Reputation: 7856
I am able to break up paragraphs of text into substrings based upon nth given character limit. The conflict I have is that my algorithm is doing exactly this, and is breaking up words. This is where I am stuck. If the character limit occurs in the middle of a word, how can I back track to a space so that all my substrings have entire words?
This is the algorithm I am using
int arrayLength = 0;
arrayLength = (int) Math.ceil(((mText.length() / (double) charLimit)));
String[] result = new String[arrayLength];
int j = 0;
int lastIndex = result.length - 1;
for (int i = 0; i < lastIndex; i++) {
result[i] = mText.substring(j, j + charLimit);
j += charLimit;
}
result[lastIndex] = mText.substring(j);
I am setting the charLimit variable with any nth, integer value. And mText is string with a paragraph of text. Any suggestions on how I can improve this? Thank you in advance.

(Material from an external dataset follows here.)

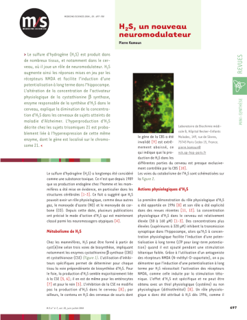 MEDECINE/SCIENCES 2004 ; 20 : 697-700 H2S, un nouveau neuromodulateur Le sulfure d’hydrogène (H2S) a longtemps été considéré comme une substance toxique. Ce n’est que depuis 1989 que sa production endogène chez l’homme et les mammifères a été mise en évidence, en particulier dans les structures cérébrales [1-3]. Ce fait a suggéré que H2S pouvait avoir un rôle physiologique, comme deux autres gaz, le monoxyde d’azote (NO) et le monoxyde de carbone (CO). Depuis cette date, plusieurs publications ont précisé le mode d’action d’H2S qui est maintenant classé parmi les neuromessagers atypiques [4]. Métabolisme de H2S Chez les mammifères, H2S peut être formé à partir de cyst(é)ine selon trois voies de biosynthèse, impliquant notamment les enzymes cystathionine β synthase (CBS) et cystathionase (CSE) (Figure 1). L’utilisation d’inhibiteurs spécifiques permet de déterminer pour chaque tissu la voie prépondérante de biosynthèse d’H2S. Pour le foie, la production d’H2S semble majoritairement liée à la CSE [5, 6]; il en est de même pour les entérocytes [7] et pour le rein [5]. L’inhibition de la CSE ne modifie pas la production d’H 2S dans le cerveau [8] ; par ailleurs, le contenu en H2S des cerveaux de souris dont M/S n° 6-7, vol. 20, juin-juillet 2004 MINI-SYNTHÈSE > Le sulfure d’hydrogène (H2S) est produit dans de nombreux tissus, et notamment dans le cerveau, où il joue un rôle de neuromodulateur. H2S augmente ainsi les réponses mises en jeu par les récepteurs NMDA et facilite l’induction d’une potentialisation à long terme dans l’hippocampe. L’altération de la concentration de l’activateur physiologique de la cystathionine β synthase, enzyme responsable de la synthèse d’H2S dans le cerveau, explique la diminution de la concentration d’H2S dans les cerveaux de sujets atteints de maladie d’Alzheimer. L’hyperproduction d’H2S décrite chez les sujets trisomiques 21 est probablement liée à l’hyperexpression de cette même enzyme, dont le gène est localisé sur le chromosome 21. < REVUES Pierre Kamoun Laboratoire de Biochimie médicale B, Hôpital Necker-Enfants Malades, 149, rue de Sèvres, 75743 Paris Cedex 15, France. pierre.kamoun@ nck.ap-hop-paris.fr le gène de la CBS a été invalidé [9] est extrêmement abaissé, ce qui indique que la production de H2S dans les différentes parties du cerveau est presque exclusivement contrôlée par la CBS [10]. Les voies du catabolisme de l’H2S sont schématisées sur la Figure 2. Actions physiologiques d’H2S La première démonstration du rôle physiologique d’H2S a été apportée en 1996 [8] et son rôle a été explicité dans des revues récentes [11, 12]. La concentration physiologique d’H2S dans le cerveau est relativement élevée (50 à 160 µM) [1-3]. Des concentrations plus élevées (supérieures à 320 µM) inhibent la transmission synaptique dans l’hippocampe, alors qu’H2S à concentration physiologique facilite l’induction d’une potentialisation à long terme (LTP pour long-term potentiation) quand il est ajouté pendant une stimulation tétanique faible. Grâce à l’utilisation d’un antagoniste des récepteurs NMDA (N-méthyl-D-aspartate), on a pu démontrer que l’induction d’une potentialisation à long terme par H2S nécessitait l’activation des récepteurs NMDA, comme celle induite par la stimulation tétanique. L’effet d’H2S est spécifique et ne peut être obtenu avec un thiol physiologique (cystéine) ou non physiologique (dithiothréitol) [8]. Un rôle physiologique a donc été attribué à H2S dès 1996, comme il 697 l’avait été auparavant aux autres neuromodulateurs endogène d’H2S dans les cellules musculaires lisses des gazeux, NO et CO [4]. Le mécanisme d’action a été vaisseaux car il augmente l’expression du gène de la cysensuite précisé sur des cellules neuronales et gliales en tathionase et exerce un effet direct de stimulation sur culture, où des concentrations physiologiques d’H2S cette activité enzymatique [18]. H2S semble agir direcaugmentent la production d’AMPc, et dans les oocytes tement sur les canaux K+ ATP-dépendants (KATP) des celde xénope, où des récepteurs NMDA exprimés à la mem- lules musculaires lisses des vaisseaux, car son effet est brane sont modulés de manière spécifique par H2S [13]. totalement inhibé par la glibenclamide, une substance Ces résultats suggèrent un mécanisme selon lequel une protéine kinase connue pour bloquer l’action du canal KATP [18]. A, activée par l’AMPc, phosphorylerait des récepteurs NMDA qui, sti- Des interrelations ont pu être mises en évidence entre mulés, seraient responsables de l’induction d’une potentialisation à les neuromodulateurs gazeux, NO et CO et la CBS [19]: long terme dans l’hippocampe. Le mécanisme d’action AMPc-dépen- NO peut se fixer sur la CBS et inhiber son activité enzydant d’H2S diffère donc de ceux de NO et CO qui sont GMPc-dépen- matique. Cependant, les différences d’affinité de NO dants. La libération de CRH (corticotropin releasing hormone) par l’hy- pour la CBS et sa cible habituelle, une guanylyl cyclase, pothalamus est inhibée par H2S. Celle-ci a été démontré in vitro sur ne sont pas en faveur d’une fixation de NO sur la CBS à explants hypothalamiques, mais aussi in vivo chez le rat: la stimula- l’état physiologique. A l’inverse, l’affinité de la CBS tion de la CBS par son activateur physiologique, la S-adénosylméthio- pour CO est très grande: la CBS est-elle la cible physionine (SAM), injectée par voie intra-péritonéale, accroît la production logique de CO au niveau cérébral? Cette question est intracérébrale d’H2S et inhibe la libération dans le plasma de cortico- pour l’heure sans réponse [19]. La CBS est codée par un gène situé sur le chromosome stérone après exposition de l’animal au froid [14, 15]. Le contrôle de la

I am receiving good responses, just so you know what I did to figure out of I landed on a space or not, I used this while loop. I just do not know how to correct from this point.
while (!strTemp.substring(strTemp.length() - 1).equalsIgnoreCase(" ")) {
// somehow refine string before added to array
}
Upvotes: 2
Views: 168
Reputation: 3188
Not sure if I understood correctly what you wanted but an answer to my interpretation:
You could find the last space before your character limit with lastIndexOf and then check if you are close enough to your limit (for text without whitespace) i.e.:
int arrayLength = 0;
arrayLength = (int) Math.ceil(((mText.length() / (double) charLimit)));
String[] result = new String[arrayLength];
int j = 0;
int tolerance = 10;
int splitpoint;
int lastIndex = result.length - 1;
for (int i = 0; i < lastIndex; i++) {
splitpoint = mText.lastIndexOf(' ' ,j+charLimit);
splitpoint = splitpoint > j+charLimit-tolerance ? splitpoint:j+charLimit;
result[i] = mText.substring(j, splitpoint).trim();
j = splitpoint;
}
result[lastIndex] = mText.substring(j).trim();
this will search for the last space before charLimit
(example value) and either split the string there if it is less then tolerance
away or split at charLimit
if it isn't.
Only problem with this solution is that the last Stringtoken can be longer than charLimit
so you might need to adjust arrayLength
and loop while (mText - j > charLimit)
Edit
running sample code:
public static void main(String[] args) {
String mText = "I am able to break up paragraphs of text into substrings based upon nth given character limit. The conflict I have is that my algorithm is doing exactly this, and is breaking up words. This is where I am stuck. If the character limit occurs in the middle of a word, how can I back track to a space so that all my substrings have entire words?";
int charLimit = 40;
int arrayLength = 0;
arrayLength = (int) Math.ceil(((mText.length() / (double) charLimit)));
String[] result = new String[arrayLength];
int j = 0;
int tolerance = 10;
int splitpoint;
int lastIndex = result.length - 1;
for (int i = 0; i < lastIndex; i++) {
splitpoint = mText.lastIndexOf(' ' ,j+charLimit);
splitpoint = splitpoint > j+charLimit-tolerance ? splitpoint:j+charLimit;
result[i] = mText.substring(j, splitpoint);
j = splitpoint;
}
result[lastIndex] = mText.substring(j);
for (int i = 0; i<arrayLength; i++) {
System.out.println(result[i]);
}
}
Output:
I am able to break up paragraphs of text
into substrings based upon nth given
character limit. The conflict I have is
that my algorithm is doing exactly
this, and is breaking up words. This is
where I am stuck. If the character
limit occurs in the middle of a word,
how can I back track to a space so that
all my substrings have entire words?
Additional Edit: added trim() as per suggestion by curiosu. It removes whitespace surroundig the string tokens.
Upvotes: 3